Assigned task:
Set down exactly the lines from the first line of the records through the line that contains "美式圆领正肩短袖t恤女春夏新款设计感抽褶收腰纯欲修身小衫上衣", and leave every picture out.

(Extracted records)
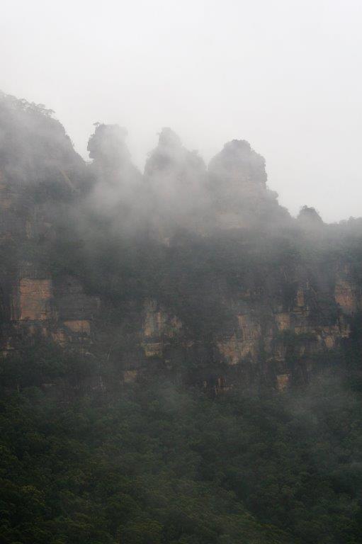 There is an aboriginal story about a man with three lovely daughters who were constantly being sought after by men he felt were not good enough for them. In order to protect them from making a bad match he turned them all into stone. The Three Sisters is the name of three upthrusting formations atop the mountain. The fog cloud parted just enough and just long enough to get a misty photo.
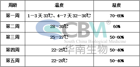 雞只周齡不同,需要的溫度也不同,各周齡適宜的溫度(在相對濕度達標的前提下)。
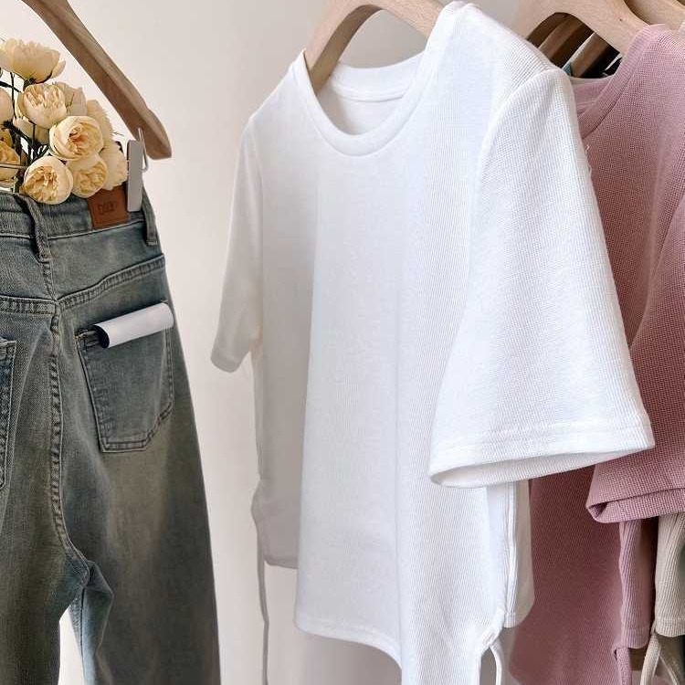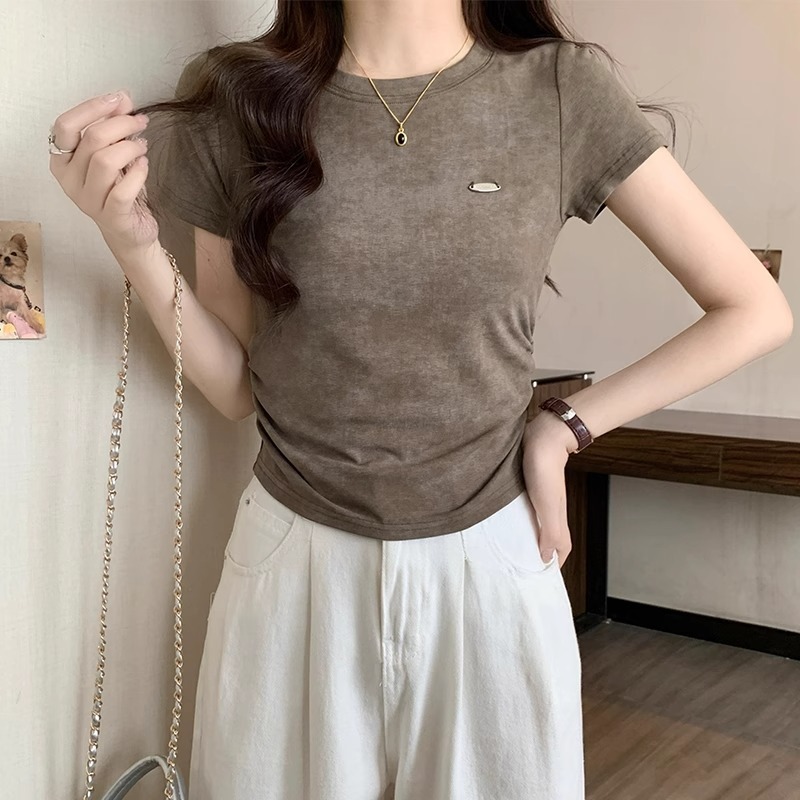 美式圆领正肩短袖t恤女春夏新款设计感抽褶收腰纯欲修身小衫上衣
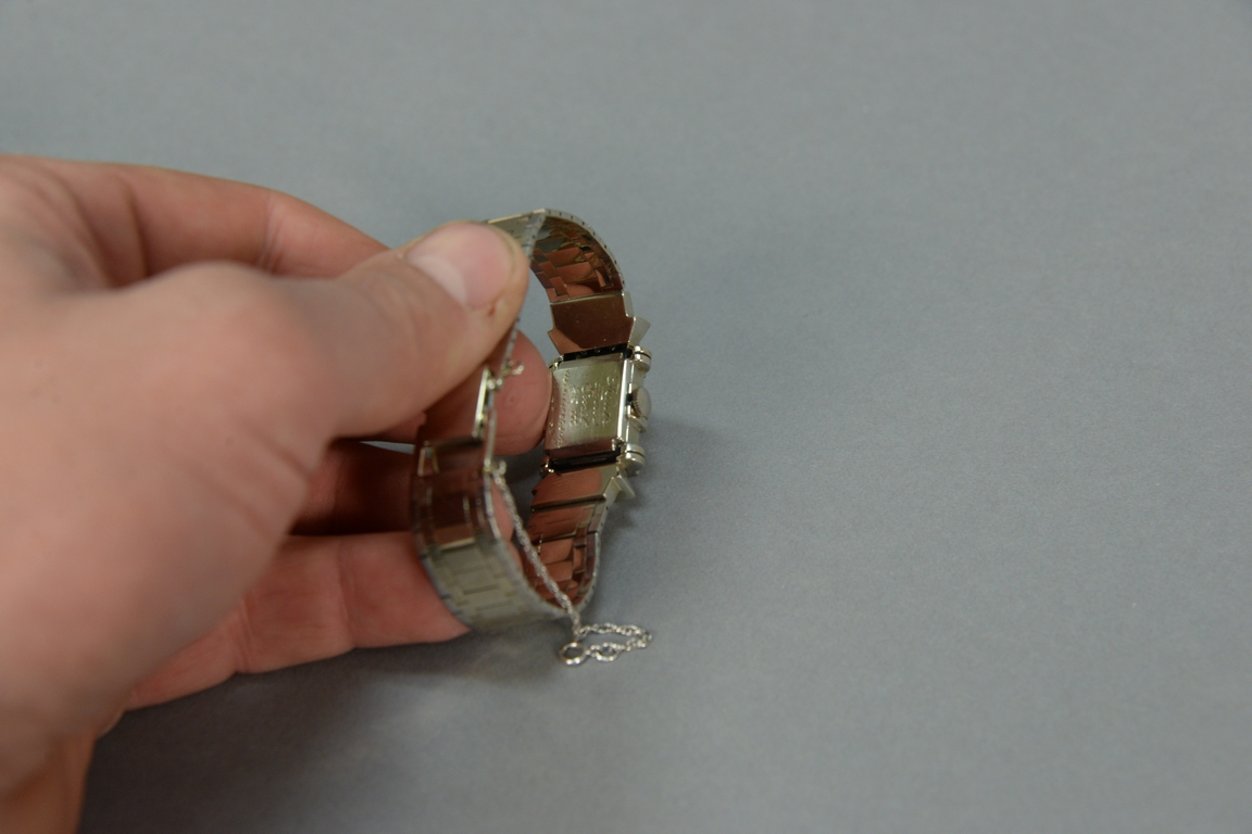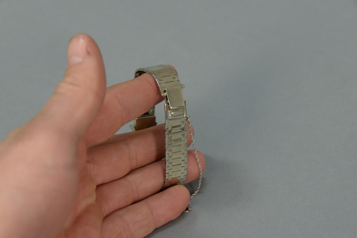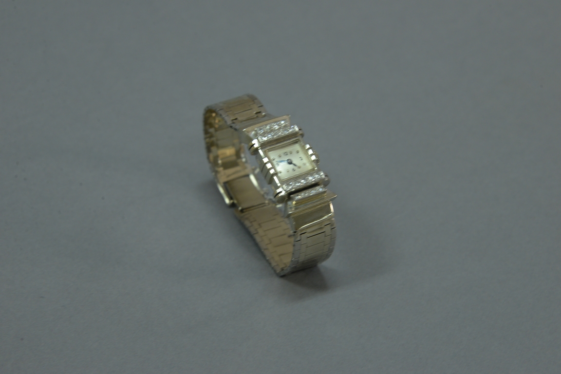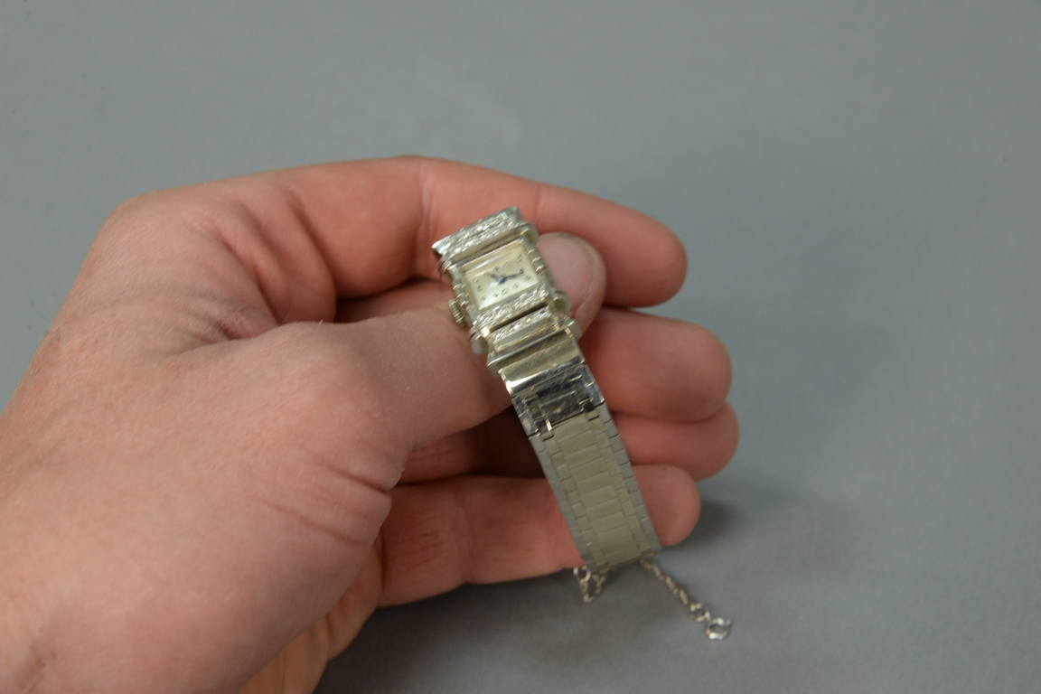 Lot 3: 14K white gold ladies wristwatch, mesh band and square face set with 18 diamonds. total weight 41.2 grams, lg. 6 1/2in.
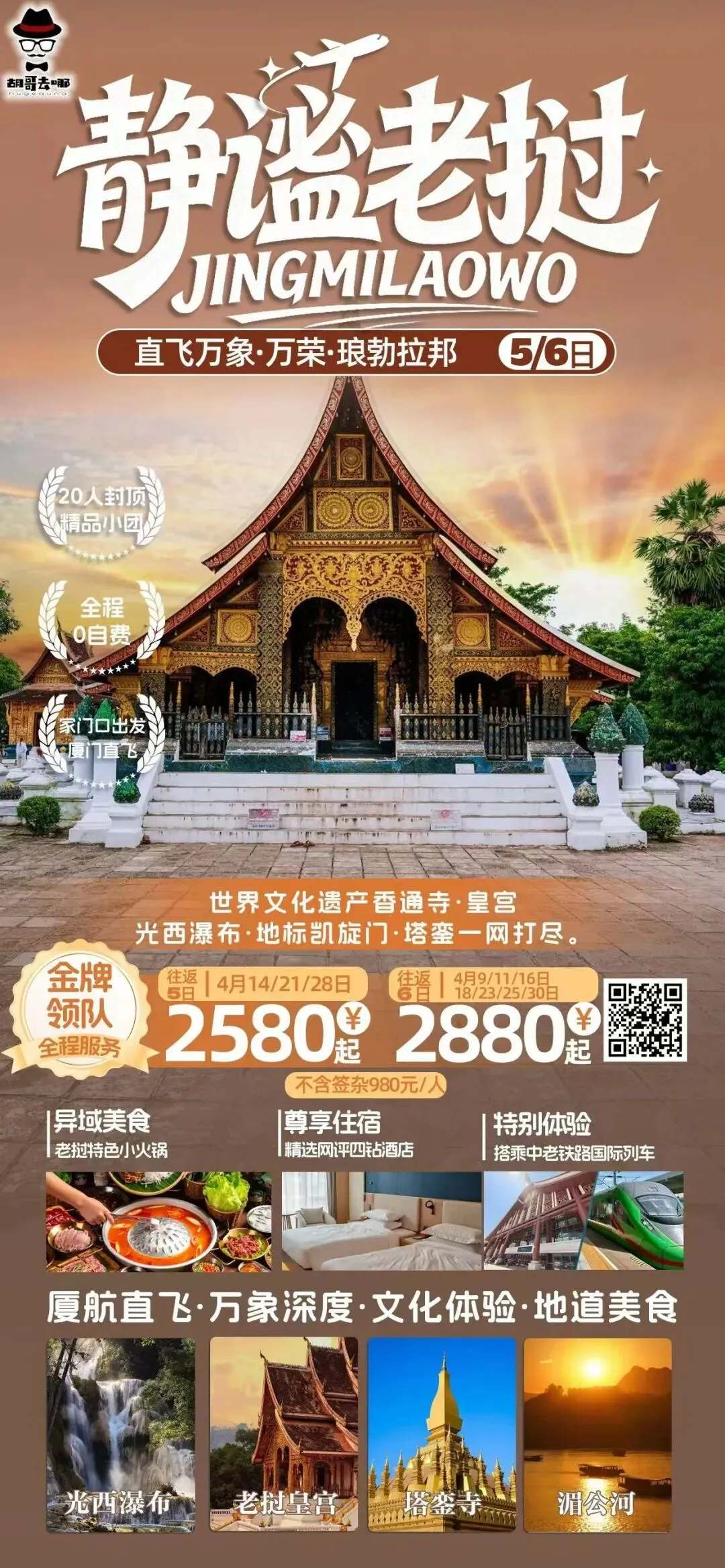 4月老挝旅游包机•厦门直飞万象!老挝3城世界文化遗产香通寺·皇宫光西瀑布·地标凯旋门·塔銮一网打尽!5/6日游任选!
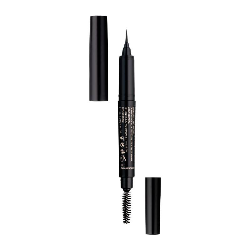 Τέλειο σχήμα και χρώμα με πολύ σταθερό tattoo αποτέλεσμα για φυσικά φρύδια! Ο υγρός μαρκαδόρος με την λεπτή, εύκαμπτη μύτη και το κωνικό σχήμα εφαρμόζει το χρώμα με ακρίβεια για τον λεπτομερή σχεδιασμό του περιγράμματος, την συμπλήρωση, το γέμισμα, αλλά και τον χρωματισμό των φρυδιών, ακόμα και των λευκών ενώ το χρώμα παραμένει σταθερό όλη την ημέρα χωρίς να απλώνει, να μουτζουρώνει ή να ξεθωριάζει. Η άλλη πλευρά με το απαλό βουρτσάκι διαμορφώνει τα φρύδια και ενδείκνυται και για blending.
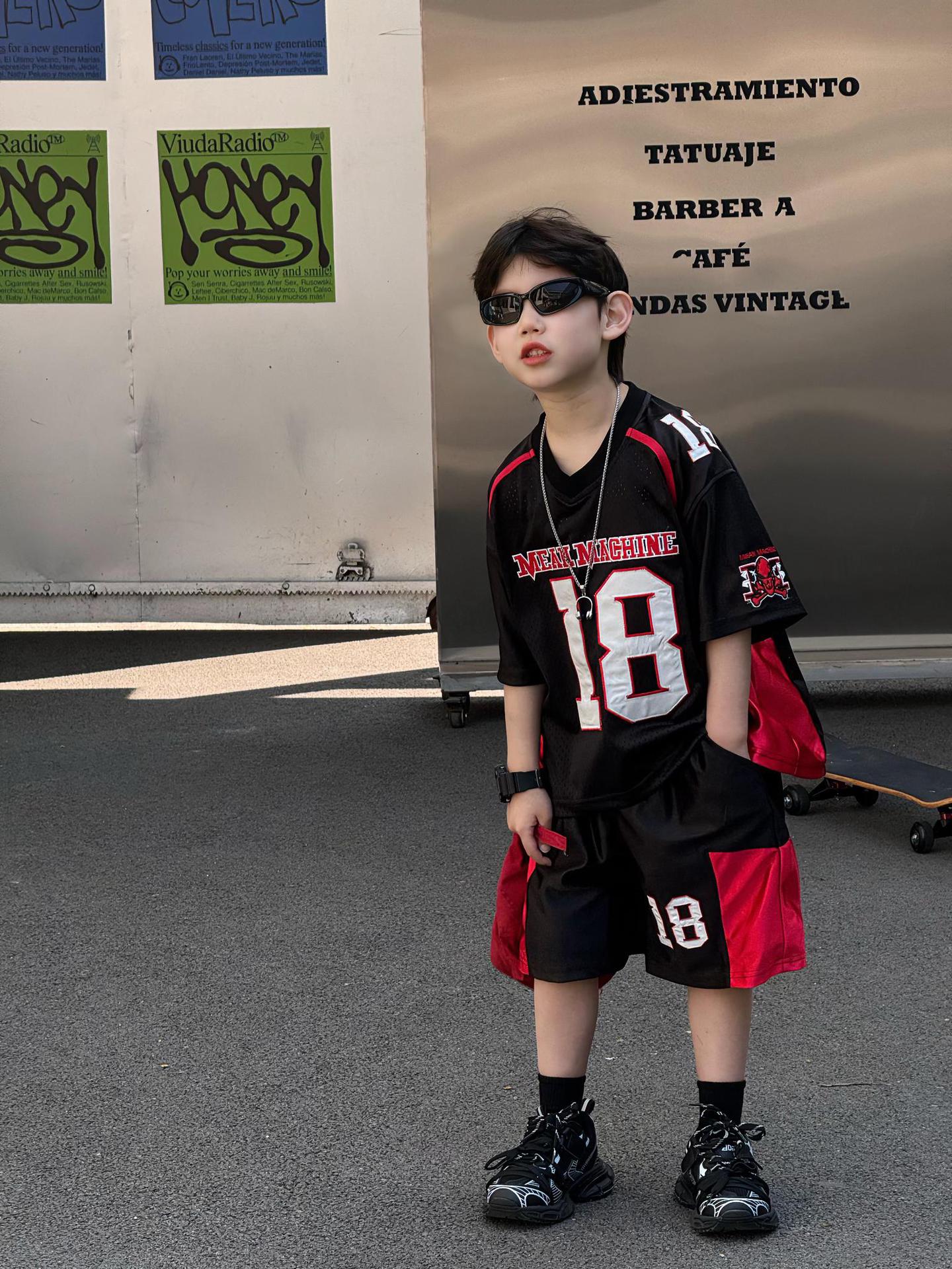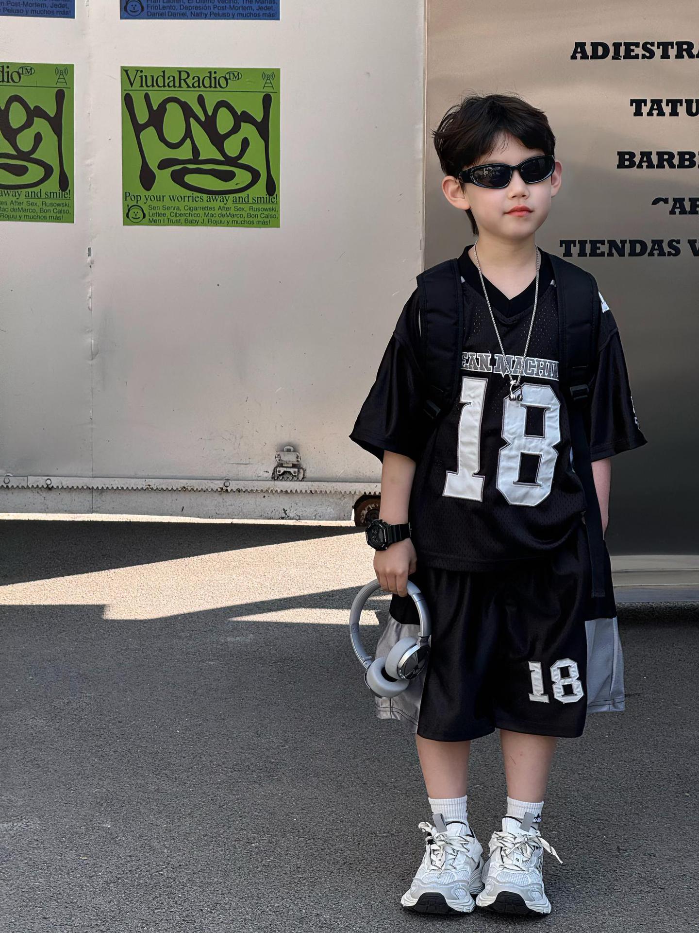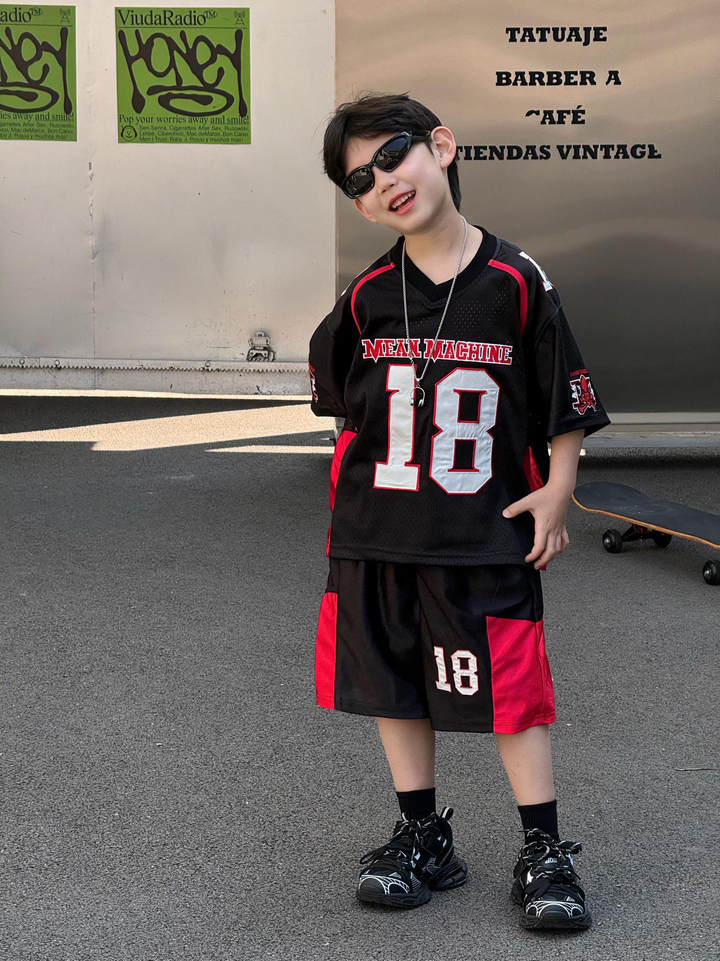 Tairu 2025 여름 새로운 한국 스타일 소년 통기성 미국 스포츠 편지 세트 어린이 짧은 소매 반바지

Solution:
 There is an aboriginal story about a man with three lovely daughters who were constantly being sought after by men he felt were not good enough for them. In order to protect them from making a bad match he turned them all into stone. The Three Sisters is the name of three upthrusting formations atop the mountain. The fog cloud parted just enough and just long enough to get a misty photo.
 雞只周齡不同,需要的溫度也不同,各周齡適宜的溫度(在相對濕度達標的前提下)。
 美式圆领正肩短袖t恤女春夏新款设计感抽褶收腰纯欲修身小衫上衣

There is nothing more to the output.